Intermediate Data Caching Optimization for Multi-Stage and Parallel Big Data Frameworks

Published 27 Apr 2018 in cs.PF | (1804.10563v2)

Abstract: In the era of big data and cloud computing, large amounts of data are generated from user applications and need to be processed in the datacenter. Data-parallel computing frameworks, such as Apache Spark, are widely used to perform such data processing at scale. Specifically, Spark leverages distributed memory to cache the intermediate results, represented as Resilient Distributed Datasets (RDDs). This gives Spark an advantage over other parallel frameworks for implementations of iterative machine learning and data mining algorithms, by avoiding repeated computation or hard disk accesses to retrieve RDDs. By default, caching decisions are left at the programmer's discretion, and the LRU policy is used for evicting RDDs when the cache is full. However, when the objective is to minimize total work, LRU is woefully inadequate, leading to arbitrarily suboptimal caching decisions. In this paper, we design an algorithm for multi-stage big data processing platforms to adaptively determine and cache the most valuable intermediate datasets that can be reused in the future. Our solution automates the decision of which RDDs to cache: this amounts to identifying nodes in a direct acyclic graph (DAG) representing computations whose outputs should persist in the memory. Our experiment results show that our proposed cache optimization solution can improve the performance of machine learning applications on Spark decreasing the total work to recompute RDDs by 12%.

Abstract PDF Upgrade to Chat

Citations (35)

View on Semantic Scholar

Summary

The paper presents an adaptive caching algorithm that leverages Spark's DAG structure to intelligently optimize intermediate data storage.
It formulates caching as a submodular optimization problem using greedy approximations to achieve near-optimal performance.
The strategy demonstrates up to a 70% improvement in cache hit ratios and reduced recomputation time through simulations and real-world tests.

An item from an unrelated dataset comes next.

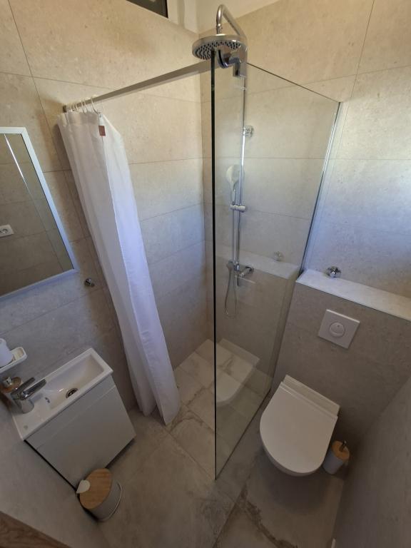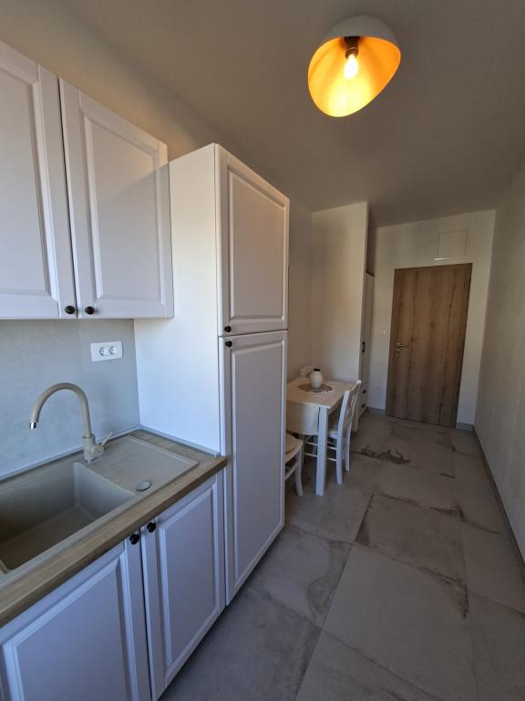 Apartamentele noastre noi, decorate modern, sunt situate în Baška Voda, într-o zonă liniștită a orașului, ideale pentru o vacanță relaxantă. Un apartament a fost complet renovat în 2025, în timp ce celelalte sunt în stadiile finale de decorare și renovare, toate fiind decorate cu o atenție deosebită la detalii, confort și stil contemporan. Apartamentele sunt situate în imediata vecinătate a plajei, ceea ce permite accesul rapid și ușor la mare. Pe de o parte există o priveliște frumoasă asupra mării cristaline, în timp ce pe de altă parte vă puteți bucura de o priveliște impresionantă asupra muntelui Biokovo, care creează un echilibru perfect între mare și natură. Aceasta este o alegere ideală pentru oaspeții care caută liniște, confort și cazare modernă într-una dintre cele mai frumoase locații de pe Riviera Makarska.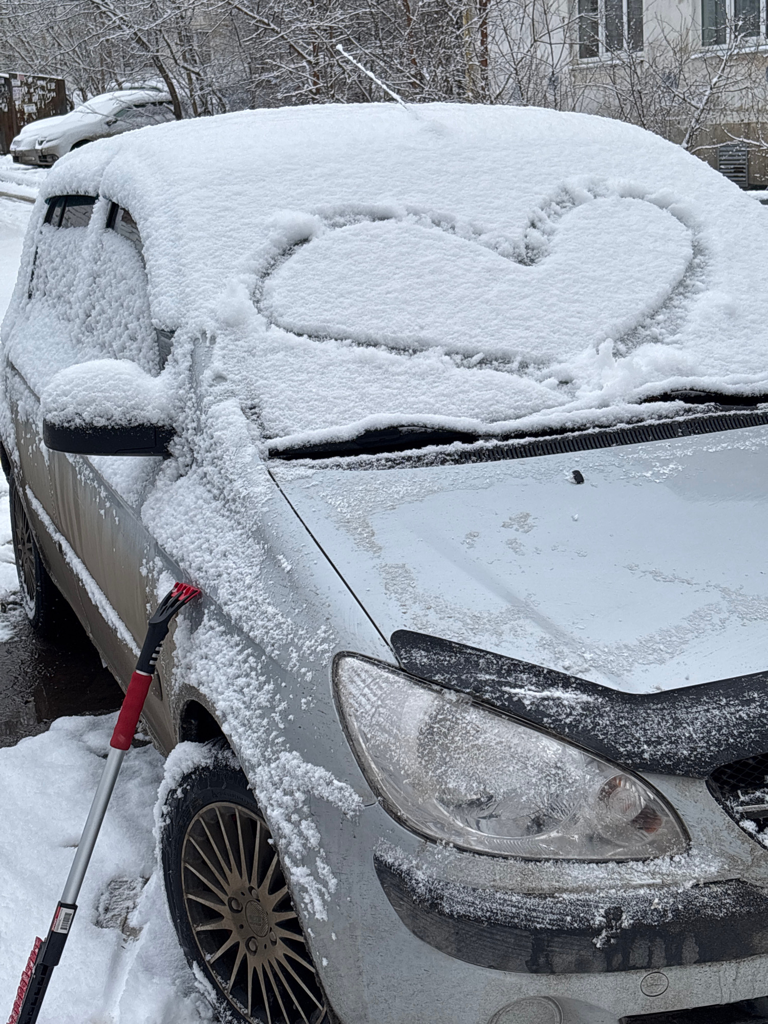The image shows the front of a snow-covered silver car. Someone has drawn a heart in the snow on the hood. A snow brush with a red handle is present near the front tire. The car appears to be parked o…read more

Intermediate Data Caching Optimization for Multi-Stage and Parallel Big Data Frameworks

Introduction

The paper addresses the optimization of caching intermediate data in multi-stage, parallel big data frameworks like Apache Spark. The aim is to automate caching decisions to enhance the performance of machine learning applications by minimizing the total recomputation workload of Resilient Distributed Datasets (RDDs) compared to traditional caching mechanisms like LRU and FIFO. The proposed solution, an adaptive caching algorithm, intelligently decides which intermediate datasets to cache by leveraging the execution graph's Directed Acyclic Graph (DAG) structure (Figure 1).

Figure 1: Job arrivals with computational overlaps demonstrated using DAGs in Spark.

Background and Motivation

Apache Spark uses RDDs to enable distributed in-memory caching, which improves the performance of iterative data processing tasks. However, the current caching mechanism relies on simplistic policies like LRU, which do not consider the intricate dependencies between operations represented in DAGs (Figure 2).

Figure 2: Job DAG example illustrating precedence and parallel execution of operations.

Algorithm Design

The proposed caching strategy utilizes the complete knowledge of Spark’s job DAGs to make informed caching decisions. RDDs are selectively cached based on their recomputation cost, size, and reuse frequency. This approach deviates from traditional cache algorithms that operate without detailed insights into computational dependencies or future access patterns. The key idea is to treat the caching decision as a submodular optimization problem, which can be approximated effectively using greedy algorithms with probabilistic guarantees of performance within a $1 - \frac{1}{e}$ factor of the optimal solution.

Performance Evaluation

Through numerical analysis, simulation, and real-world implementation in Apache Spark, the proposed algorithm demonstrates superiority over conventional methods in improving cache hit ratios and reducing recomputation time (Figure 3). Specifically, the adaptive caching algorithm adapts to varying workload patterns and efficiently leverages available memory space, achieving up to a 70% improvement in cache hit rates under various conditions.

Figure 3: Hit ratio, access number, and total work makespan results of large-scale simulation experiments.

Implementation Considerations

Implementing this caching strategy involves extending Spark’s internal cache management to track the cost implications of caching particular RDDs. This entails modifications to recognize computational overlaps across different jobs and dynamically adjust caching decisions based on real-time execution statistics (Figure 4). The architecture of the Spark Unified Memory Manager is adapted to integrate the proposed RDDCacheManager, which coordinates cache updates across distributed worker nodes in the cluster.

Figure 4: Architecture of Apache Spark Unified Memory Manager with integrated adaptive caching mechanisms.

Conclusion

The adaptive caching algorithm offers a significant advancement in optimizing memory usage in big data frameworks by intelligently managing intermediate data storage. By reducing reliance on suboptimal eviction policies like LRU and instead employing a principled, graph-aware caching strategy, the algorithm enhances the performance of data-parallel applications. Future work may focus on extending these concepts to other big data platforms beyond Spark, incorporating additional computational models and workloads.